Wor1 induces its own transcription and bistable expression of WOR1 in single cells. (A) Expression of Wor1 from the inducible MAL2 promoter promotes the expression of WOR1 from its own promoter and the transition to opaque phase. MTLa cells (JYC5) transformed with the pMAL2-WOR1-HA construct from a fresh white colony were grown to logarithmic phase in SD, washed five times, and resuspended into SC/maltose at 25°C. Cells were harvested at the indicated times for Northern blot analysis and plated to determine the percentages of opaque colony formation. The percentage of opaque colonies on SD plates with 5 μg/ml phloxine B is shown for each time point. MTLa wor1 transformed with the pMAL2-WOR1-HA construct was included to show the WOR1 transcribed from the MAL2 promoter. (B) Expression of WOR1 shows an on-and-off pattern in single cells.

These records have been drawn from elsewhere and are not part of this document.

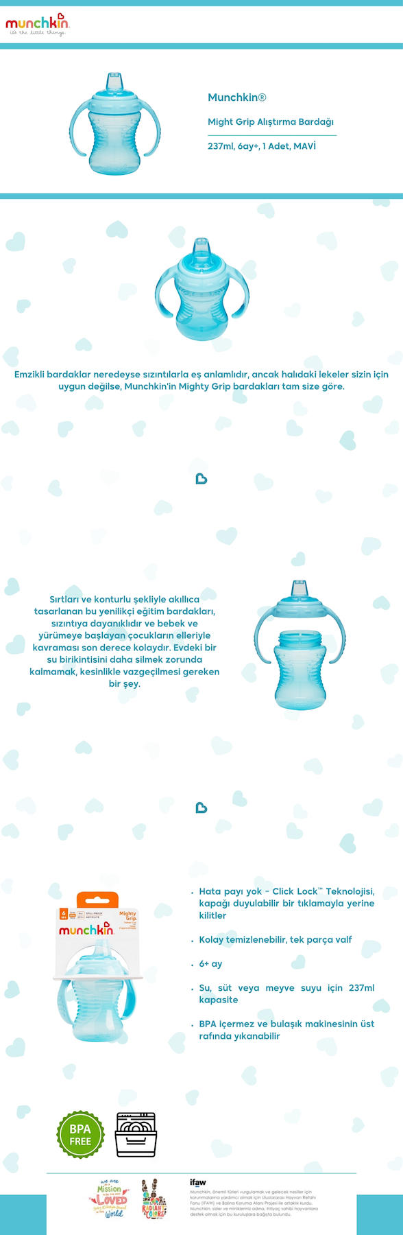 Munchkin Might Grip Alıştırma Bardağı, 237ml,6ay+ 1 Adet ,MAVİ
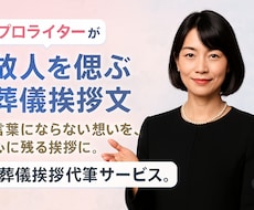 葬儀の喪主挨拶では、故人との関係だけではなく、故人が生前お世話になったことへの感謝、会葬のお礼...など伝えるべきポイントがたくさんあります。故人の冥福を祈り、参列者の方々へ感謝の気持ちを伝えるにはどんな挨拶をすべきなのでしょうか。注意すべき点やおさえるべきポイントはココナラで相談しませんか?ご希望の予算に合った相談者がきっと見つかります。クレジットカード、銀行振込、コンビニ支払い、携帯キャリア決済も対応。会員登録(無料)で300円クーポン配布中!
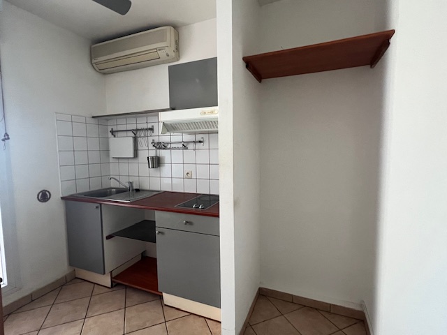 Pièce principale climatisée, avec coin cuisine et îlot central.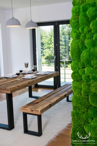 Najlepiej zrobić panele. Mech poduszkowy kleimy na florystyczny klej zgrzewalny do płyty, a następnie płytę zawieszamy lub przykręcamy do kołków na ścianie.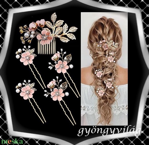 Ékszerek-hajdíszek, hajcsatok: Esküvői, menyasszonyi, alkalmi hajdísz, ES-H-SZ22a 5db-os szet mályva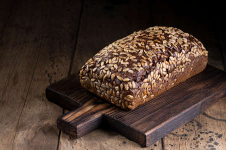 Delicious fresh baked bread with bran sunflower seeds on a dark table, horizontal image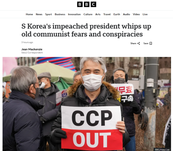 영국 BBC는 20일 '탄핵된 한국 대통령, 옛 공산주의 공포와 음모 부추겨'란 기사에서 이렇게 보고 "북한이나 공산주의에 관해 그다지 생각해본 적이 없는 사람들조차도 이제는 역동적 민주주의가 좌익 독재로 바뀌기 직전에 있고, 그들의 지도자는 평양과 베이징으로부터 자신들을 보호하고자 국민의 민주적 권리를 폐기하는 수밖에 없었다고 확신하고 있다"고 전했다.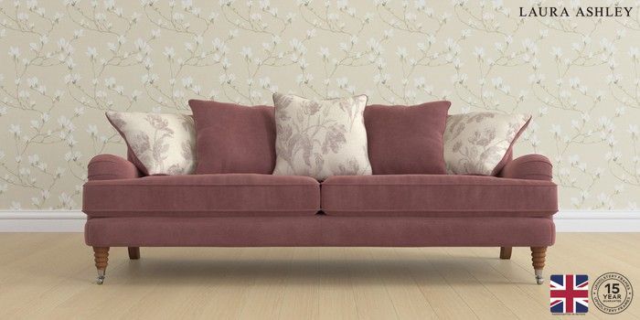 6.12.1 Buy Lynden Scatter Back by Laura Ashley 4 Seater Sofa Gosford Floral Combo Plum Purple Ornate Chrome Castor - Teak from the Next UK online shop Click here to use our accessible website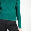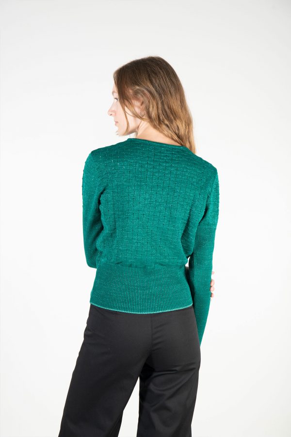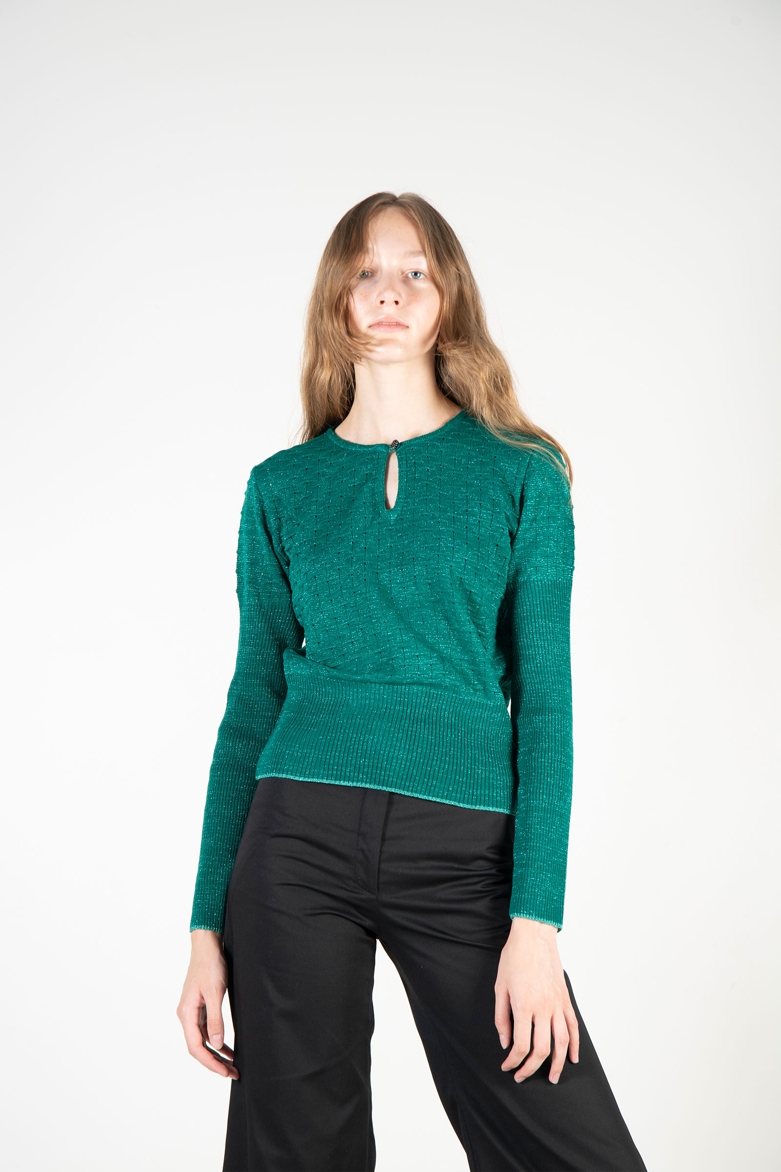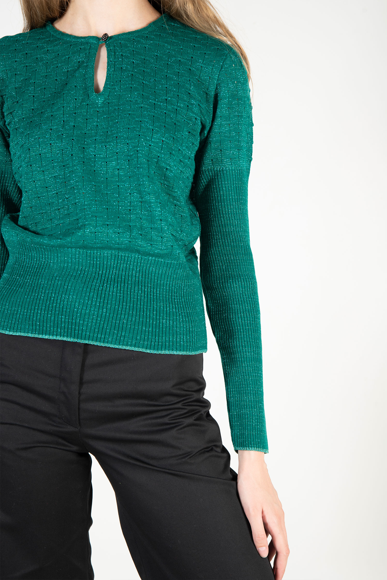Textured knit sweater with teardrop neck opening and long ribbed sleeves and large ribbed belt.

Differential interference contrast microscopy (DIC) and FITC images were taken with cells of MTLa pWOR1-GFP (JYC1 plus pWOR1-GFP) collected from a white colony, an opaque colony, and a sector with both white and opaque cells. GFP expression is under the control of the WOR1 promoter in this strain.

Fig. 5.

Model of feedback loops for WOR1 expression and white–opaque switching. A simplified diagram depicts the idea that either a positive feedback loop (A) or a double-negative feedback loop (B) can establish the bistable expression pattern of WOR1. Once expressed, Wor1 activates opaque cell formation.